Auf diese Fragen versucht der von Klaus Obermeyer und Harald Pühl herausgegebene Band „Übergänge in Beruf und Organisation. Umgang mit Ungewissheit in Supervision, Coaching und Mediation“ (2019, Psychosozial-Verlag) Antworten zu geben. „Die hier versammelten Beiträge sind Geschichten der Ermutigung. Entwicklungswege ins Offene führen unter Umständen durch Phasen beträchtlicher Haltlosigkeit und können das Fürchten lehren. Gleichzeitig eröffnen sie unter gedeihlichen Bedingungen ein enorm kreatives Potenzial und einen weiten Möglichkeitsraum. Die AutorInnen dieses Buchs loten – wenn auch aus der Perspektive sehr unterschiedlicher Denkmodelle – die Potenziale für gedeihliche Entwicklungen in Ungewissheit aus.“ So Obermeyer und Pühl in ihrer Einleitung, dem etwas später ein wundervolles Zitat von Zygmunt Baumann folgt: „Heute mag die Angst vor der Hölle abgenommen haben, doch die Offenheit der Zukunft steht uns recht unverblümt vor Augen. Wir scheinen uns in einem Zeitalter zu befinden, das die Zukunftsunsicherheit beinahe zu einer Religion und die ständige Veränderung zu einem Fetisch erklärt hat.“

So unterschiedlich die einzelnen Beiträge sind, so finden sich doch bei allen einen Beleg oder Hinweis auf die „Unvollkommenheit als Referenzrahmen“, auf die „Ressource des impliziten Wissens“ und auf die Notwendigkeit, „einen Umgang mit der Angst zu finden“. Alleine die Titel der Beiträge machen neugierig und zeigen die Bandbreite der diversen Zugänge zu dieser Thematik. Aus diesem Grund seien sie auch hier angeführt: Die Einleitung von Obermeyer/Pühl „Wenn Ungewissheit zu Gewissheit wird“ eröffnet den Reigen. „Die Angst vor der Langsamkeit und die Grenzen der Selbstreflexion“ von Wolfgang Schmidbauer lädt zu einem kritischen Innehalten ein. Bei Karin Lackner geht es auch um die Illusionsbildungen „Zwischen trügerischer Hoffnung und Wahrhaftigkeit“. Erhard Tietel beleuchtet seine und die für Supervision wichtige Perspektive der Triade und deren Dynamik aus psychoanalytischer und systemischer Sicht. Fortgesetzt von Kornelia Rappe-Giesecke mit „Triadische Karriereberatung als Format für die Begleitung von Professionals und Führungskräften in Übergangsphasen“. Harald Pühl setzt den Fokus auf „Präsenz und Intuition“. Katharina Wendt nutzt die Theorie U von Scharner für die „Zukunft als Ankunft“ während sich Renate Ritter mit dem „Fundamentalismus“ als „kollektive Abwehrform bei als bedroht erlebter Identität“ beschäftigt.

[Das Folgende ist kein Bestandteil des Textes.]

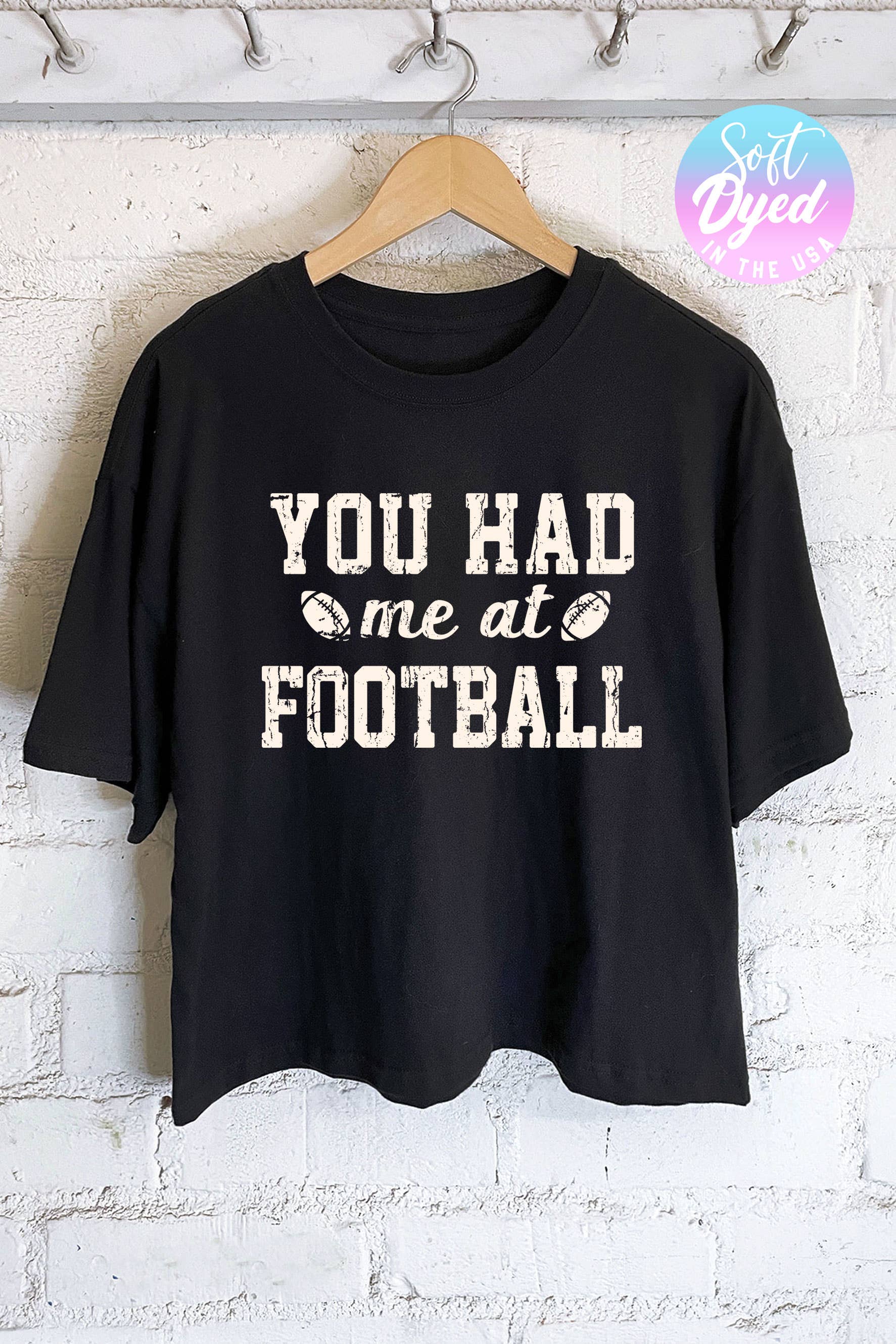 YOU HAD ME AT FOOTBALL LONG CROP TOP
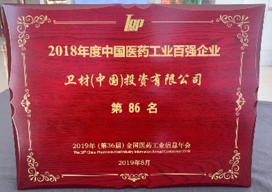 衛(wèi)材中國(guó)榮獲2018年度中國(guó)醫(yī)藥工業(yè)百?gòu)?qiáng)企業(yè)第86位。

Eine neue Perspektive eröffnet Klaus Obermeyer mit „Verstörte Touristen. Das Befremdungserleben in der Supervision als Last und Ressource“. Die eigene Angst der BeraterInnen hat Katrin Thorun-Brennan mit „Zuversicht als beraterische Haltung“ im Fokus. Mit der Verbindung von Widersprüchlichem beschäftigt sich Anusheh Rafi in „Formatübergänge als Antwort auf das Oxymoron der professionellen Authentizität“. Komplementäres Denken in Übergängen zeigt Ortfried Schäffter in seinem Beitrag „Transitionsanalyse“. Abschließend stellt Michael Völker ein Modell zur Thematik Werte anhand von Übergängen als Wertewandel für Menschen und ihre Teams und Organisationen vor: „Zwischen verlieren, integrieren, gewinnen und überfordern“ (sic!).

Für SupervisorInnen und Coaches bieten die Beiträge sowohl theoretische wie praktische Anregungen im Umgang mit Verunsicherung hervorrufenden Veränderungen und Übergängen. Ein lesenswertes Kompendium!